Había pasado ya un tiempo considerable desde que el finés Aki Kaurismäki estrenara El Havre (2011) y participara en la película colectiva Centro histórico (2012). Por fin, en 2017, ha vuelto a la escena cinematográfica con El otro lado de la esperanza, la cual sin embargo podría suponer un punto y final en su filmografía, tras anunciar su retirada aparentemente definitiva (algo que ya hizo en 1994) en la última Berlinale, donde obtuvo el Oso de Plata al mejor director. Analista profundamente humanista de lo que es cotidiano para las personas, y paradigma del cine postmoderno por su eclecticismo y sus referencias, Kaurismäki traslada de nuevo su mirada hacia un tema de plena actualidad, el de los refugiados, y lo hace trasladando a ellos, los principales afectados ahora mismo por las crisis bélicas y económicas, su habitual interés por las clases más desfavorecidas.

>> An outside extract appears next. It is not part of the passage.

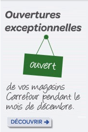 Les horaires d’ouvertures exceptionnelles, pour les dimanches en préparation des fêtes de Noël, viennent d’être publiés pour les magasins hypermarchés de la métropole. Sur cette page vous retrouverez la liste des Carrefour ouverts, des hypermarchés si vous préférez, plus bas vous retrouverez également la liste des Carrefour Market, les supermarchés de l’enseigne.

La película consta de dos narraciones paralelas, sobre dos personajes que huyen de su vida. Por un lado, la historia de un joven sirio que llega en barco a Helsinki, en la que Kaurismäki se deja llevar por ciertos tópicos del cine social sobre la inmigración tan en boga últimamente, potenciando la dureza de países tan bien considerados en el contexto general como es Finlandia. El director presenta un Estado sin piedad, en el que el racismo y la intolerancia se manifiestan igual o más fuerte que en cualquier otro lugar, devolviendo a la muerte a aquellos que huían de ella.

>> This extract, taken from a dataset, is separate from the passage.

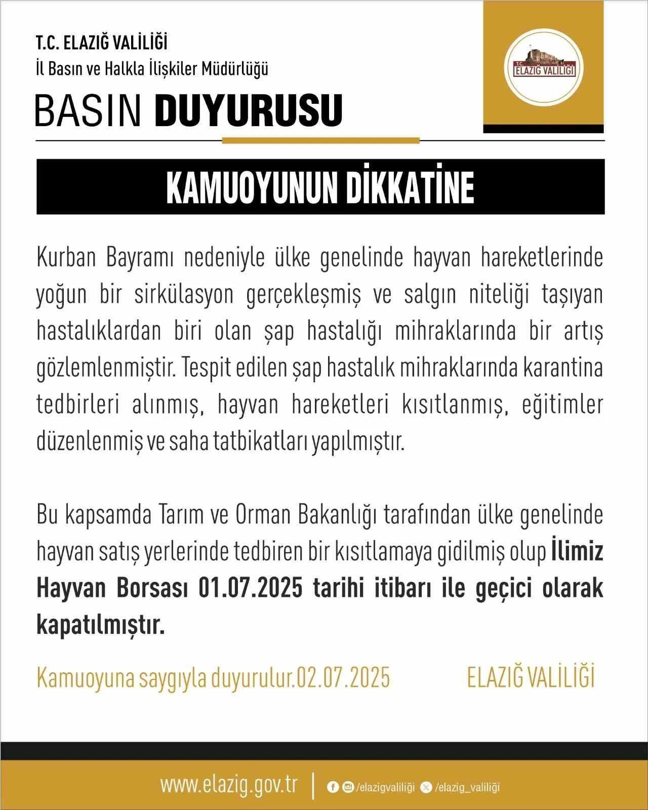 Elazığ Valiliğinden yapılan açıklamada, Kurban Bayramı nedeni ile ülke genelinde hayvan hareketlerinde yoğun bir sirkülasyon gerçekleştiği ve salgın niteliği taşıyan hastalıklardan biri olan şap hastalığı mihraklarında bir artış gözlemlendiği belirtildi. Açıklamada, ’’Tespit edilen şap hastalık mihraklarında karantina tedbirleri alınmış, hayvan hareketleri kısıtlanmış, eğitimler düzenlenmiş ve saha tatbikatları yapılmıştır. Bu kapsamda Tarım ve Orman Bakanlığı tarafından ülke genelinde hayvan satış yerlerinde tedbiren kısıtlamaya gidilmiş olup ilimiz Hayvan Borsası 1 Temmuz 2025 tarihi itibari ile geçici olarak kapatılmıştır’’ denildi.

Por otra parte, nos encontramos a un hombre que separa de su mujer y vende su negocio para comenzar de nuevo comprando un restaurante, dando lugar a una comedia costumbrista plenamente de su estilo, con un humor absurdo y estático que capta e ironiza sobre el carácter nórdico como solo alguien de dentro pero que lo ve desde fuera (Kaurismäki reside en Portugal) podría hacerlo. También aquí van a cobrar protagonismo sus característicos escenarios hopperianos, que transmiten al mismo tiempo la soledad y la melancolía del hombre moderno, gracias a la labor colorista y lumínica de su inseparable director de fotografía Timo Salminen.
A las dos partes del filme les cuesta casar, y cuando lo hacen, es de una manera poco fluida y natural, a pesar de la eficacia de los preciosos momentos musicales, incluso jugando con la diégesis y la extradiégesis, y de un final que podría tender al dramatismo extremo y que, sin embargo, gracias a la habilidad del director, se hace positivo e incluso esperanzador. El encuentro entre los dos distintos caracteres, que era el motivo principal de El Havre, aquí es una excusa abstracta que le sirve a Kaurismäki para hablar de la solidaridad desinteresada. Y es que tal vez, pese a la época tan cínica en la que vivimos, no haga falta buscarle motivo concreto a un buen gesto.
El otro lado de la esperanza hará reír e incluso (y no tiene poco mérito dado el hieratismo de los personajes) despertará empatía en los espectadores, por lo que el alma del cine de Kaurismäki sigue viva en cierta manera. Pero su premio en la Berlinale parece más un reconocimiento humanitario (del tipo el Oso de Oro a Fuego en el mar el año anterior) y como homenaje al resumen de toda su carrera, que porque nos encontremos ante un trabajo superior del realizador.